- **What needs to be done**
In the data below, find the line containing "A kert szépen" and the line containing "- This antique", then reproduce them and every line between, exactly. Omit pictures.
*** Opening Given information ***
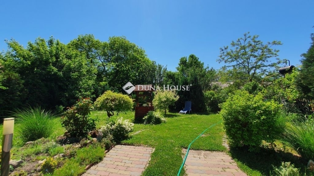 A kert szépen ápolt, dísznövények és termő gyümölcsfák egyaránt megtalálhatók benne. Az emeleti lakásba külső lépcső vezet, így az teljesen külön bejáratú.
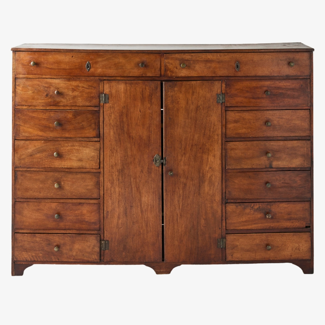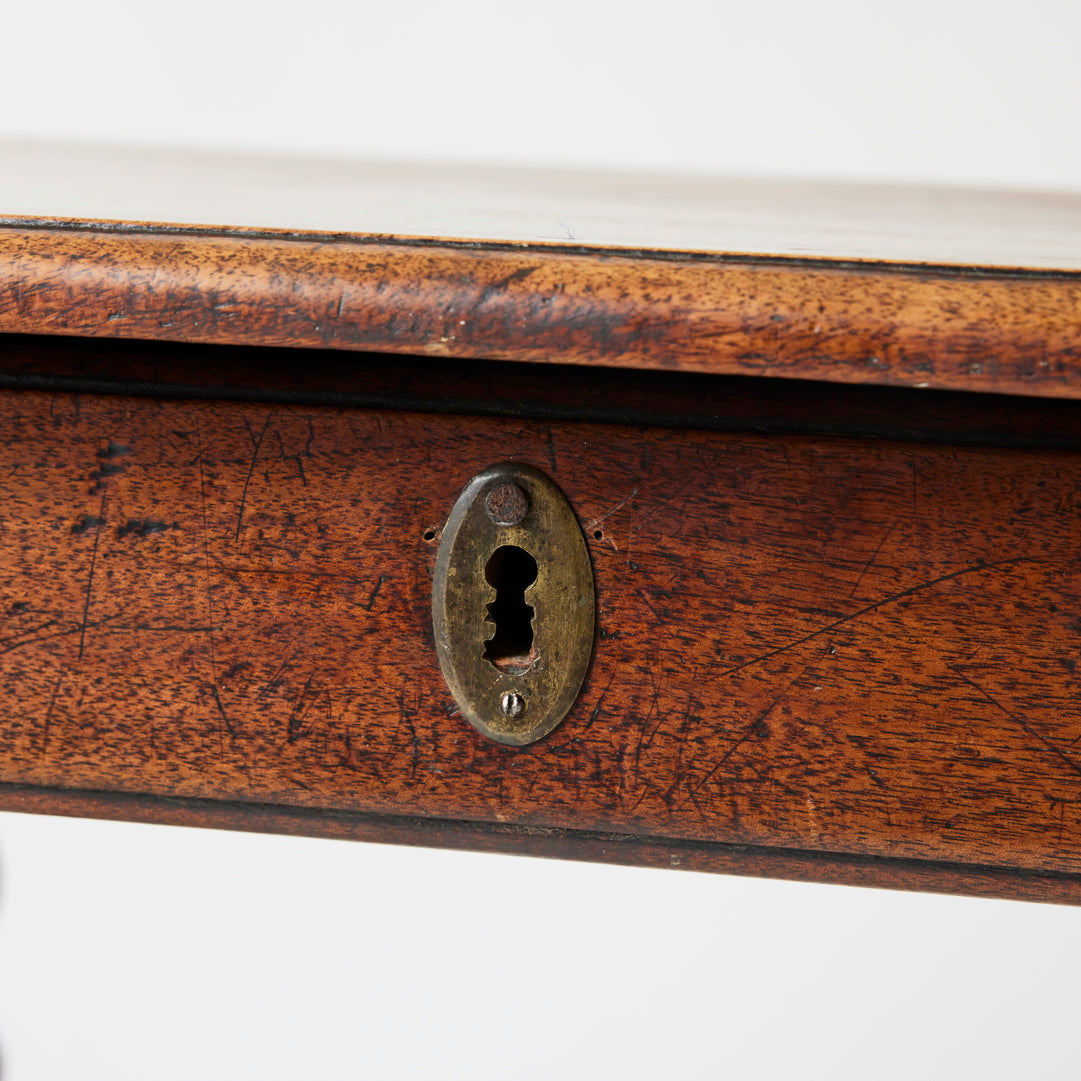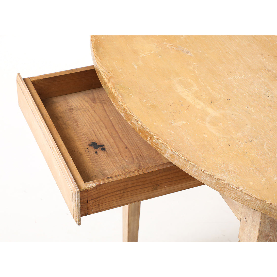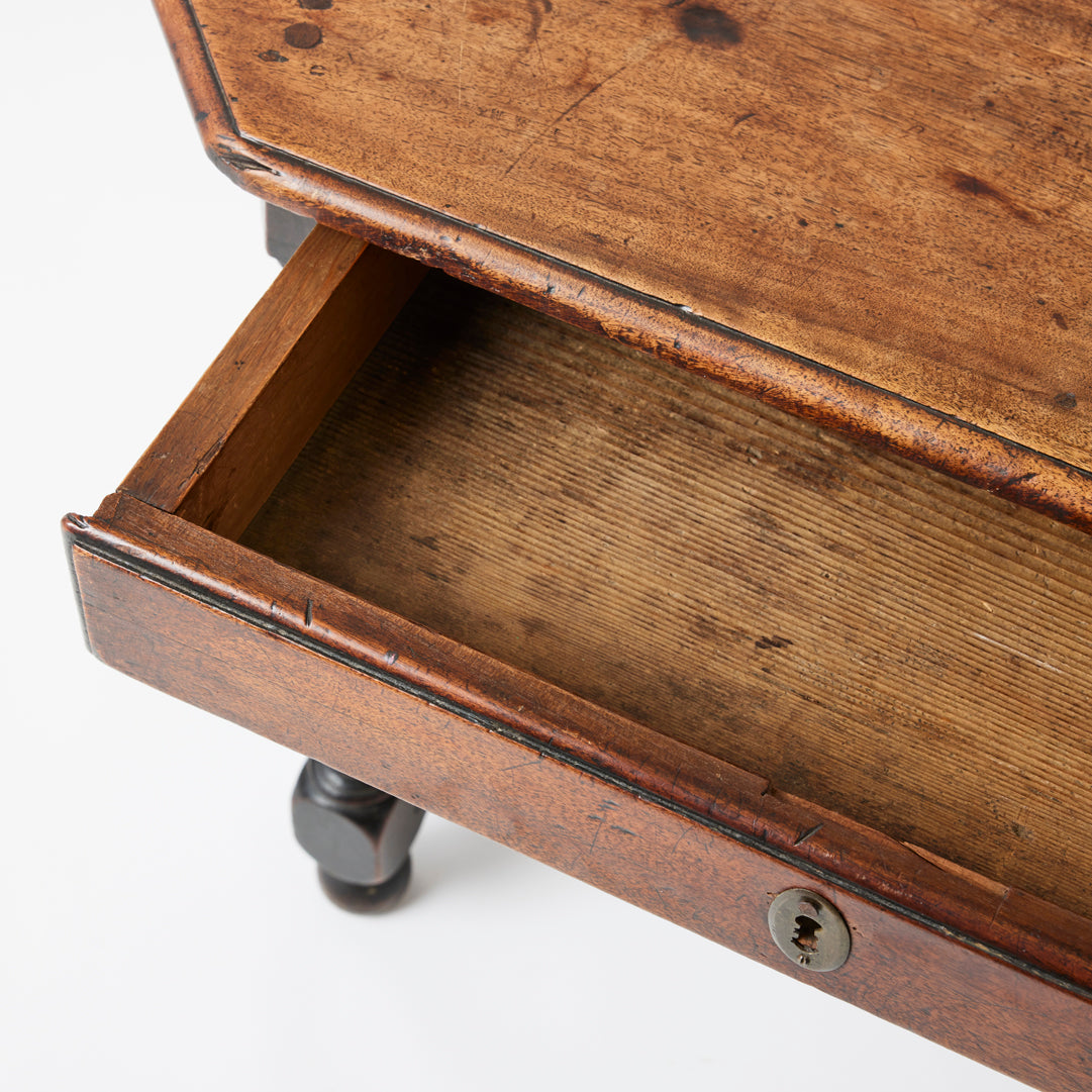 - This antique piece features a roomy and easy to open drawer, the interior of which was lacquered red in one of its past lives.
*** Closing Given information ***
*** Opening Given information ***
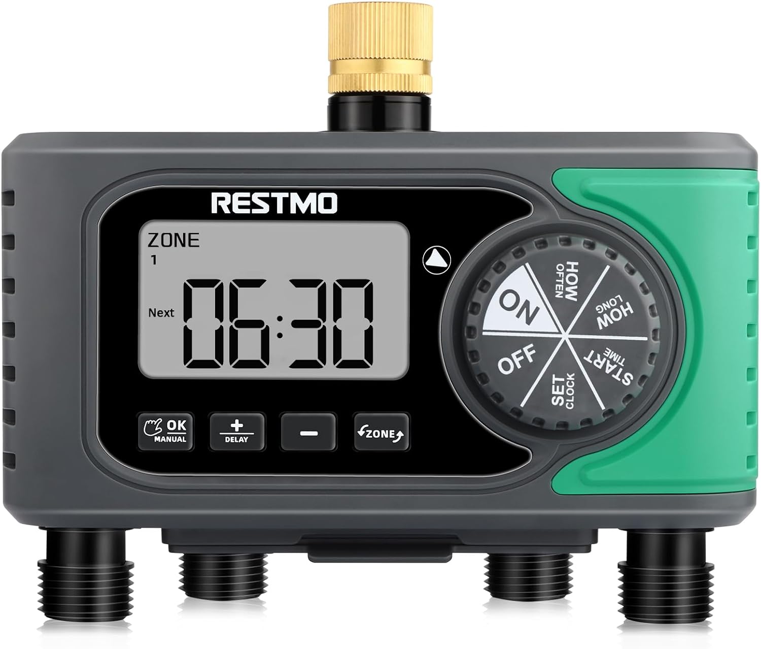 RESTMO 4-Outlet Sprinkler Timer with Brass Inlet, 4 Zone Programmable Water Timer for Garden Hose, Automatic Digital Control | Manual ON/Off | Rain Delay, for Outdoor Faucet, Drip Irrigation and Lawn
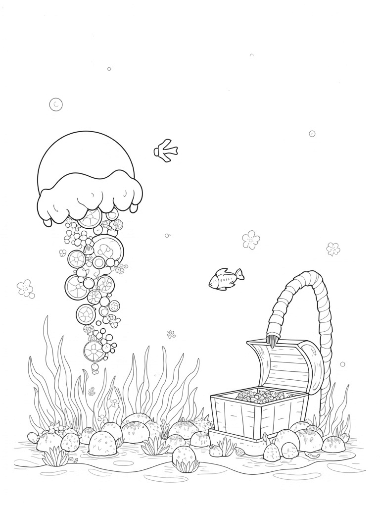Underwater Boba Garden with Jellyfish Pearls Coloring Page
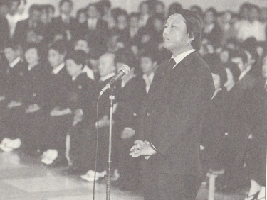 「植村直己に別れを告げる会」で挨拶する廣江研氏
*** Closing Given information ***
- **Solution**
 A kert szépen ápolt, dísznövények és termő gyümölcsfák egyaránt megtalálhatók benne. Az emeleti lakásba külső lépcső vezet, így az teljesen külön bejáratú.
 - This antique piece features a roomy and easy to open drawer, the interior of which was lacquered red in one of its past lives.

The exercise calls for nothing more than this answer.